A pair of reactors operated by Kansai Electric Power Company won approval from the government to restart by the end of July, amid protests which have drawn tens of thousands of Japanese regarding the perceived dangers associated with nuclear power, the country's Kyodo News Agency reported, citing police estimates. A June 4 poll published by the Mainichi newspaper said as many 71 percent of Japanese people oppose the restarts.
'Unforgivable ignorance and arrogance'
The parliamentary report spared no criticism of how the TEPCO plant and one of its own agencies may have conspired to create a climate which allowed so much damage to be caused to the Fukushima complex.

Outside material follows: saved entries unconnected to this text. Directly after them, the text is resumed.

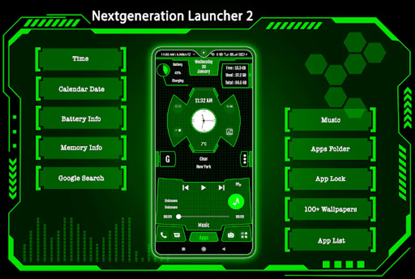 Welcome to Nextgeneration Launcher 2, your gateway to a seamless and stylish Android experience. Unlock the power of AppLock, HideApp, Hitech Wallpaper, Folders, and Themes - all in one incredible package. With its futuristic UI, customizable themes, and powerful features, Nextgeneration Launcher 2 is the perfect way to make your Android phone feel like a brand new device. This is a perfect user interface design which gives user to easy and better interactive control experience. It provides more wonderful and useful features and any color themes which enhance your phone with different styles.
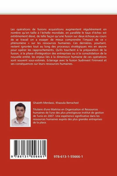Les opérations de fusions acquisitions augmentent régulièrement en nombre qu'en taille à l'échelle mondiale, en parallèle le taux d'échec est extrêmement élevé, de telle façon qu'une fusion sur deux échoue,au cours de se travail on a essayer de mieux comprendre l'impact de ce " phénomène " sur les ressources humaines. Ces dernières, pourtant, restent ignorées tout au long des processus stratégiques mis en uvre pour opérer les rapprochements. Qu'ils touchent à la préparation de la fusion, à la phase d'intégration des entreprises ou à la consolidation de la nouvelle entité, les enjeux liés à la dimension humaine de ces opérations sont souvent sous-estimés. Eclairage avec la fusion Sudinvest Fininvest et ses conséquences sur leurs ressources humaines.
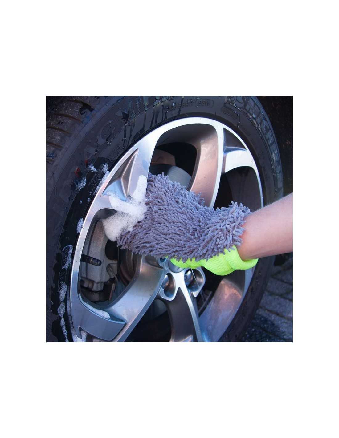 Gant de lavage robuste avec fonction double face. Idéal pour laver votre voiture, vos jantes et pour éliminer les insectes sur votre peinture. Grâce à ses 5 doigts, ce gant offre une adhérence optimale et vous pouvez également atteindre facilement les coins inaccessibles, comme par exemple entre les rayons de vos jantes. Un côté convient pour laver votre voiture, l'autre côté pour éliminer les ternissures et les insectes. Convient à toutes les surfaces et laques.
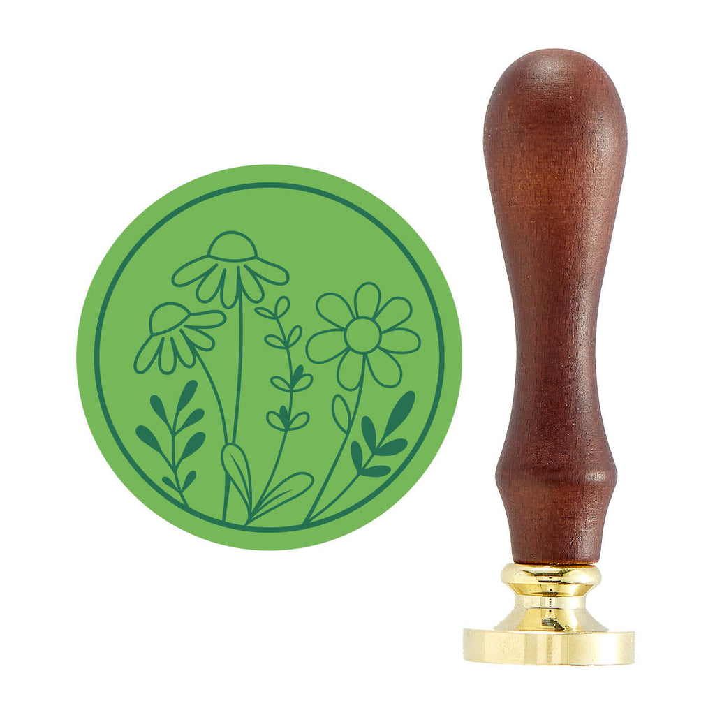 Fall Meadow - Wax Seal of the Month! It has one wooden handle that supports a 1" round brass seal stamp design on its end.
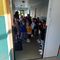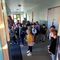 -accès aux classes limité à 10 personnes : aucun problème, parents et enfants attendent patiemment de pouvoir entrer pour accompagner leurs enfants pour cette première journée de classe.
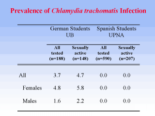 chlamydia trachomatis infection among German and Spanish students by gender. As you see at first glance we found no cases of chlamydia infection among Spanish students either in the whole sample nor in those reporting having ever had sexual intercourse. A different picture arises if we look at the prevalence rates in the German sample. Among all students tested we found a rate of infection of 3.7%. The chlamydia prevalence was considerably higher in females with 4.8% than in males with 1.6%. If we focus on those reporting ever had sexual intercourse the overall prevalence was 4.7% with 5.8% in females and 2.2% in males. |
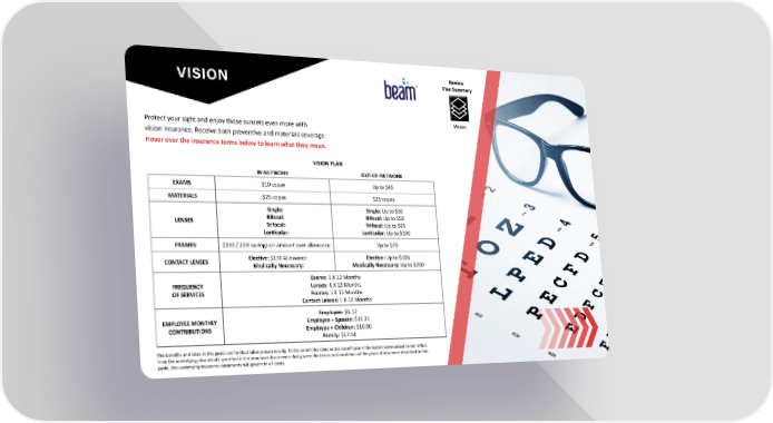 VISION Protect your sight and enjoy those sunsets even more with vision insurance. Receive both preventive and materials coverage. Hover over the insurance terms below to learn what they mean. VISION PLAN IN-NETWORK OUT-OF-NETWORK EXAMS $10 copay Up to $45 MATERIALS $25 copay $25 copay LENSES Single: Bifocal: Trifocal: Lenticular: Single: Up to $30 Bifocal: Up to $50 Trifocal: Up to $65 Lenticular: Up to $100 FRAMES $130 / 20% savings on amount over allowance Up to $70 CONTACT LENSES Elective: $130 Allowance Medically Necessary: Elective: Up to $105 Medically Necessary: Up to $210 FREQUENCY OF SERVICES Exams: 1 X 12 Months Lenses: 1 X 12 Months Frames: 1 X 12 Months Contact Lenses: 1 X 12 Months EMPLOYEE MONTHLY CONTRIBUTIONS Employee: $5.12 Employee + Spouse: $10.31 Employee + Children: $10.90 Family: $17.14 The benefits and rates in this guide are for illustrative purposes only. To the extent the rates or the benefit plan information summarized herein differs from the underlying plan details specified in the insurance documents that govern the terms and conditions of the plans of insurance described in this guide, the underlying insurance documents will govern in all cases. Vision Review Plan Summary
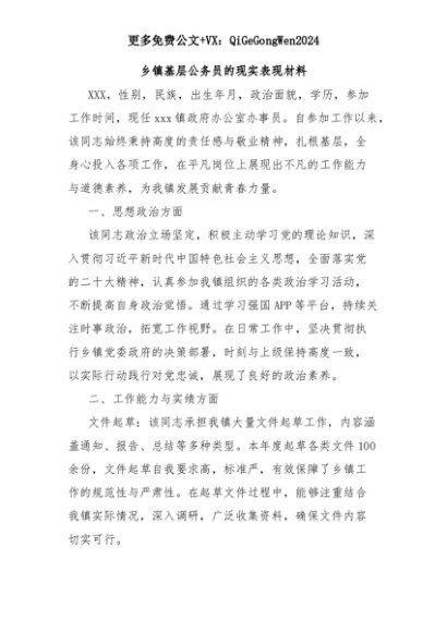 【七哥公文】2025年:乡镇基层公务员的现实表现材料+更多免费公文+VX:QiGeGongWen2024+更多免费公文+VX:QiGeGongWen2024
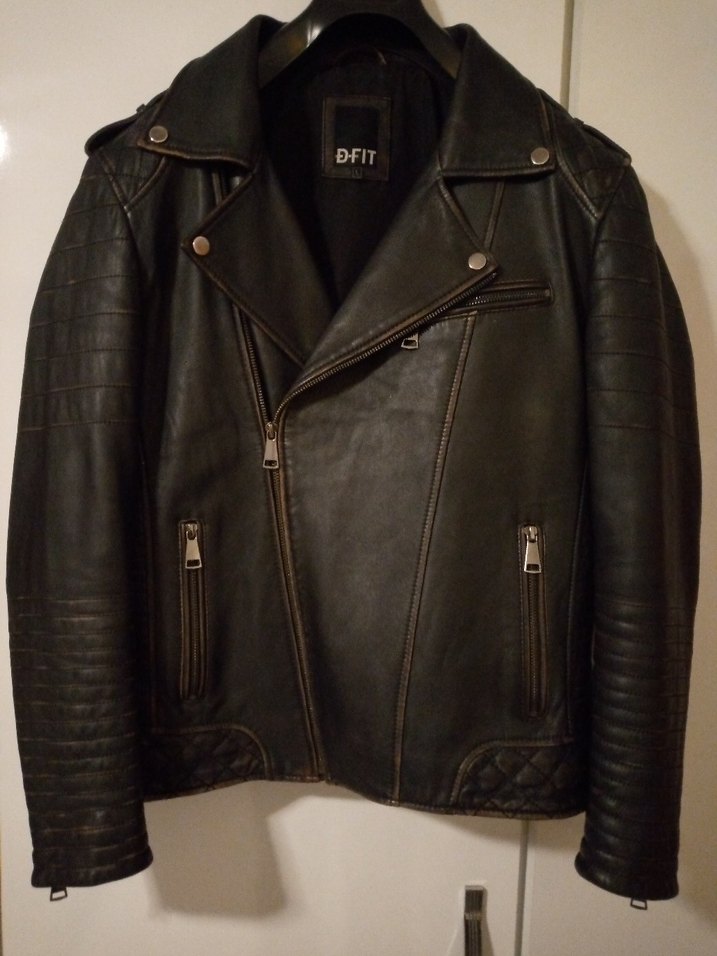 Hatasız Kusursuz D-FIT Derimod marka siyah deri biker ceket, bel detaylı ve çıtçıtlı, strappy kollu, normal boyda, rock punk tarzını yansıtan fit kesimdir. L beden. Kol Altlarından Eni: 54 cm. Kol boyu: 61cm

The report said lawmakers found evidence of "collusion" between TEPCO and the government's industry regulatory, the Nuclear and Industrial Safety Agency, in an effort to avoid the implementation of required safety regulations.
It went on to accuse TEPCO of exploiting its friendly relationship with the agency to soften the impact of the regulations.
"Across the board, the Commission found ignorance and arrogance unforgivable for anyone or any organization that deals with nuclear power," said its report.
The six-month investigation was the first of its kind in Japan's constitutional history, incorporating wide-ranging subpoena powers in which public hearings were held involving former Prime Minister Naoto Kan and TEPCO's ex-president, Masataka Shimizu, each of whom gave conflicting accounts of their response to the disaster.
For his part, Kan said he agreed with the panel's finding that the disaster was man-made, but he dickered with the report's conclusion regarding the government response, according to a post on his official blog.
Three earlier investigations into the incident, which were led by the government, TEPCO and a private foundation, said in subsequent reports that no evidence was found suggesting that major damage was caused to reactor buildings and equipment at the nuclear complex as a result of the quake.
Instead, they each concluded that the damage ensued as a direct result of the tsunami, which consumed the site underneath a 43-foot wave, which knocked out even backup power, causing three reactors to melt down.
Some experts believe fallout from the report could lead to even more "man-made" nuclear power disasters.
"It's a world-wide problem: the nuclear industry has taken control of the regulators," Arnie Gundersen, a U.S.-based former nuclear engineer and licensed reactor operator, told Bloomberg.